All config files in the conf.d directory are included in my nginx.conf file with:

include /etc/nginx/conf.d/*.conf;

And then I updated my existing blog.conf file:

server {
    ...

    if ($bad_referer) { 
        return 444; 
    }
}

About the 444 HTTP status code:

444 No Response (Nginx)
Used in Nginx logs to indicate that the server has returned no information to the client and closed the connection (useful as a deterrent for malware).

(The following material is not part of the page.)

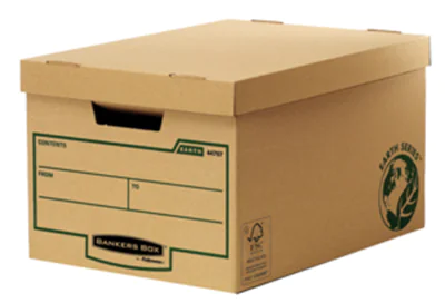 Stabile Archivbox dank doppeltem Boden und Trageseiten. Geeignet für 5 x 80mm Bankers Box® Earth Series Archivschachteln.

Finally, I tested my blacklist like so:

curl -k --referer http://4webmasters.org http://stephsharp.me
curl: (52) Empty reply from server

Great! It's working as expected and I'm satisfied the blacklist will be easy enough to maintain for new referrers.

The results so far

I've had the Google Analytics filters in place for about a month now and I'm happy with how they're working so far. I've added an additional three referrers to the filter in the last month, but they were only minor offenders and barely affecting my reports so I could have just as easily ignored them.

The image below shows my sessions in the last few days without any filtering, and then with the hostname and referrer filters discussed in this post. That's a pretty big difference!

Number of sessions before and after spam filtering

As for Nginx, it's harder to tell the impact the config changes have had. These referrers still show up in Google Analytics (and as far as I know there's nothing I can do about that), but the volume of spam does appear to have slowed down a bit. It may just be a coincidence, but I'll keep an eye on it for the next month or two and see how it goes.